Again, it is modernization that is poised to wreck havoc at the village which is there since 663 AD, according to the Joint Action Committee constituted to resist construction of railway station at Yurembam.
What is even more touching is the fact that Yurembam is already a victim of land acquisition for Government sponsored projects not once or twice, but three times.
For the fourth time, Yurembam is again staring at another possible juggernaut of land acquisition and painful eviction in order to make space for railway track and railway station.
A substantial part of Yurembam was taken over by the State for construction of a power sub-station around 40 years back.
Yurembam parted with another part of its self when the Government set up a power station of North Eastern Electric Power Corporation Limited about 20 years back.
The third land acquisition took place in 2010 when the 400 KV power plant of the Power Grid Corporation of India was expanded.

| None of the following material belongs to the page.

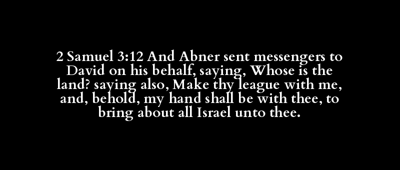 2 Samuel 3:12 And Abner sent messengers to David on his behalf, saying, Whose is the land? saying also, Make thy league with me, and, behold, my hand shall be with thee, to bring about all Israel unto thee.

The inhabitants, this time, are appalled that the whole of Yurembam would be annihilated. The issue of land acquisition and concomitant eviction is always a tricky issue for any State.
More often than not, land acquisition entails tense stand-off between the State and the affected people.
There were instances when the State resorted to its law enforcing machinery to evict people. In another word, the State unleashed violence upon its own citizens.
Eviction of unlawful encroachers is another thing but what unfailingly stirs public conscience is the eviction of lawful land owners.
The pertinent question is, does any State enjoys moral authority to unleash violence upon its law abiding citizens.
Of course, the State has its own legal systems and it would have followed a set of procedures before someone is evicted from his/her ancestral land.
The debate here is not about the State’s legal systems or its land acquisition mechanism. It is more about the grievance remedial systems, and also the pain and loss suffered by the evicted people.
Yes, there is the Right to Fair Compensation and Transparency in Land Acquisition, Rehabilitation and Resettlement Act 2013.
What one should introspect here is how fair are the provisions of this Act and whether it is comprehensive enough to redress all the plight and misery generally associated with eviction.
Theoretically the Act provides for a humane, participative, informed and transparent process for land acquisition for industrialization, development of essential infrastructural facilities and urbanization with the least disturbance to the owners of the land and other affected families; just and fair compensation to the affected families whose land has been acquired or affected and rehabilitation and resettlement.
Coming back to the question of Yurembam, one would surely like to ask whether the State has no other option than land acquisition or eviction.
Is there no room to alter the railway track’s alignment? Is there no alternative to spare Yurembam?
The Government should explore all alternatives before going ahead with the land acquisition process and wipe out the entire village.
It’s not only the human settlement areas, even the surrounding fertile paddy fields are highly precious just as the Nobel Laureate Amartya Sen once commented, “prohibiting the use of fertile agricultural land for industries is ultimately self-defeating”.
The State Government’s New Land Use Policy should take into account all such infringements into agricultural land by modernization projects.
We don’t think Amartya Sen made his comment without any reason or purpose.